Stefan Pletschacher obtained his Masters degree (Diplom-Informatiker) in Computer Science from Chemnitz University of Technology in 2003. While initially working in the field of machine learning and data mining as a freelance software developer he turned more towards document engineering when joining the Institute for Print and Media Technology at the University of Chemnitz as a Research Assistant. After a research sabbatical at the PRImA Research Group he joined the University of Salford in 2008 as a Research Fellow with the main focus on document image analysis and recognition systems.
ABBYY & OCR improvements for IMPACT
Applying Optical Character Recognition (OCR) requires multiple steps and sophisticated technologies to achieve good results. Additionally, processing historic documents presents new and different challenges. Technically there is no single switch for optimization - each step has to be tuned. This presentation gives an overview where ABBYY OCR technology was optimized during IMPACT, e.g. image pre-processing, document analysis and character recognition.
Michael Fuchs is Senior Product Marketing Manager for OCR, Data Capture and Linguistic SDKs at ABBYY Europe. In this technical marketing role he serves as the “middleman” between market and customer requirements, the ABBYY Sales Teams and the ABBYY product development groups. Working with ABBYY since 2005, he has been involved in the IMPACT project right from the beginning, actively taking part in its conventions and discussions. Within his responsibilities working for ABBYY is the monitoring of the market introduction of ABBYY products equipped with the technology enhancements gained through the IMPACT project.
IBM Adaptive OCR engine and CONCERT Cooperative Correction
Asaf Tzadok will present IBM's Adaptive OCR engine, a comprehensive software system which improves the recognition of historical texts significantly by applying adaptivity as one of the main features to the text recognition process.
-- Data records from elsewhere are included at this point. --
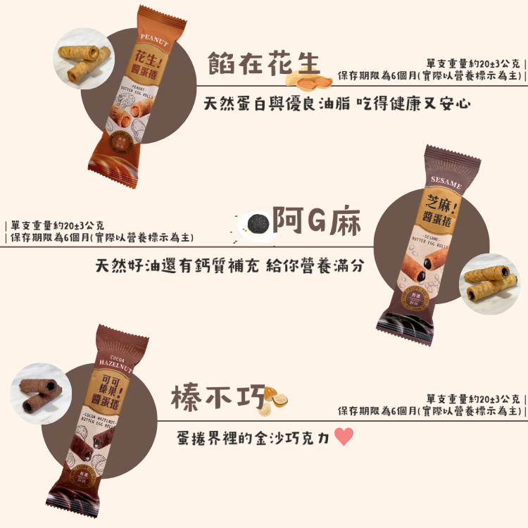 包餡蛋捲(阿G麻/餡在花生/榛不巧)—
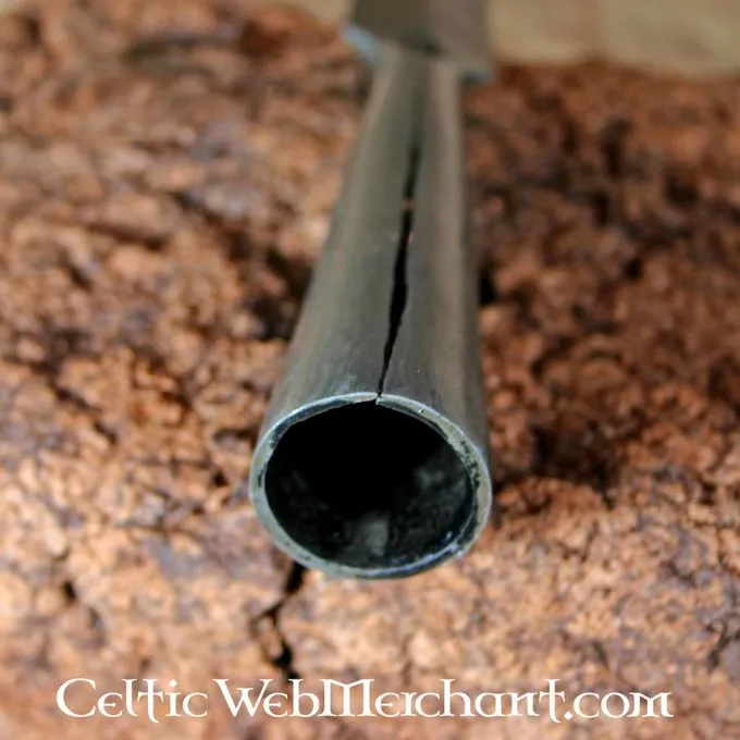 Beaucoup de premiers fers de lance médiévales ont été faites d’acier damas. La pointe a été fabriqué à partir de plusieurs couches d’acier qui ont été entrelacés. Ce fer de lance est authentiquement fait. Ce est une réplique d’un fer de lance germanique South 6th siècle, mais des originaux semblables se est produite jusqu’à ce que le 10ème siècle.
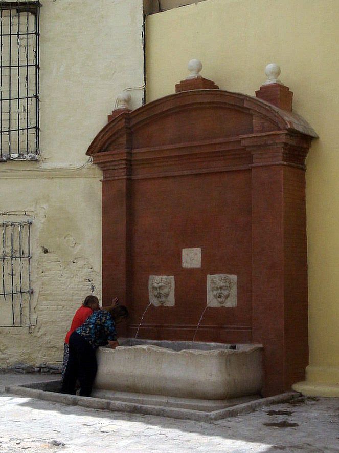 La fuente del Patrocinio, en la encrucijada de las calles Santa María Micaela y Luque con las alamedas del Patrocinio y Capuchinos.

He will also show CONCERT, the COoperative eNgine for the Correction of ExtRacted Text, a web-based platform suitable for massive volunteer participation which validates and corrects OCR results and enables the general public to help with large scale digitisation efforts.
Asaf Tzadok is the manager of the image and document analytics group at IBM Research - Haifa and has been part of the multimedia department since joining IBM in 1998. He is an expert in various aspects of image and document processing. Asaf's main research activities are in OCR, automatic parcel sorting, segmentation, scanner-printer quality, layout analysis, binarization and glyph vectorization. During the last four years Asaf led the development of IBM`s books and newspapers digitization platform, known as CONCERT, short for COoperative eNgine for the Correction of ExtRacted Text.
The Functional Extension Parser: A Document Understanding Platform
The FEP (Functional Extension Parser) is a document understanding platform that supports the extraction of structural metadata from digitized documents, such as table of contents entries, page numbers, headings or footnotes. FEP utilizes the results of Optical Character Recognition (OCR) and comes as a set of web-services ready to be integrated into digitization workflows. Display and correction of results can be done online.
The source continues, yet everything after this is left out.